Марио Гарани, спешно закончив есть, прошел мимо их столика.
– Это командир авиационного полка,– сказала она, указав на него подбородком, когда он был уже на пороге двери.– У него, бедняги, обгорело лицо во время битвы за Лондон в сороковом году. Я знаю его, он живет в моем отеле... Вообще-то,– снова заговорила она, немного помолчав,– я не так уж сильно удивлена тем, что мир дрожит, поскольку я уже стала старой и от меня ушла любовь. А когда уходит любовь, она сразу покидает весь мир. Божество покинуло лишь меня одну.
Она взяла свои перчатки, свою сумку.
– Я ведь дала вам мой адрес? Отель «Ди Спанья»,– сказала она,– отсюда первая улица направо.
И она иронически улыбнулась.
– Красивое лицо,– вновь произнесла она, вставая, не подумав даже попросить, чтобы ей принесли счет.
Официант, который ее обслуживал, поглядел на Нино; тот отрицательно покачал головой и проследил взглядом за тем, как Санциани вышла из ресторана.
– Помнится, одну из ее борзых звали Фальстаф,– сказал он Огерану.– Собака была выше стола.

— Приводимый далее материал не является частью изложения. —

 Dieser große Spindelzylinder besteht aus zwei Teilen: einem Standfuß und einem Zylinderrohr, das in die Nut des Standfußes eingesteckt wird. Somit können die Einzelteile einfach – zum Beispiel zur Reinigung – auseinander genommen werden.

Я сам приносил ей паштет...
Мишель Санлис снова сел рядом с Викариа.
– Или она совсем сошла с ума,– сказал он,– или издевалась надо мной. Я этого не могу понять, и это приводит меня в отчаяние.

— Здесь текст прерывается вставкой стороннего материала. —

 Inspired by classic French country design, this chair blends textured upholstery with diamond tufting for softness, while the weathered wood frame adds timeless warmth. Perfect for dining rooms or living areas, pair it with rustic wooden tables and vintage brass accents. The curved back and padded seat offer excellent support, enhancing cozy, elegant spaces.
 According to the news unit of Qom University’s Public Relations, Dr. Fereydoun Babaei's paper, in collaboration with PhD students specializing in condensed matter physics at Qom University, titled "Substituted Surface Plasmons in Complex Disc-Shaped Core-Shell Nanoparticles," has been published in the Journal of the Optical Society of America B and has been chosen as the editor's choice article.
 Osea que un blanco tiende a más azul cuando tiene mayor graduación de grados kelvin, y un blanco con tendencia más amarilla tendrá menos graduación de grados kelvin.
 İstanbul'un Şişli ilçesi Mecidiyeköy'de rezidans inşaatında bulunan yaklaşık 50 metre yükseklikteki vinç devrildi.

А пока мужчины продолжали говорить о ней, Санциани вернулась к себе в отель.
– Альдо, я завтра уезжаю в Лондон,– сказала она, проходя мимо портье.– Извольте взять мне билет.
Ей никто не ответил. Она уже таким образом уезжала три дня назад в Париж.
– А вы заметили,– сказал гнусного вида посыльный, когда Санциани уехала в лифте,– вы заметили, что она начинает куда-то уезжать после того, как не платит пару недель? Я в это не верю. Это она выдумывает, чтобы не платить.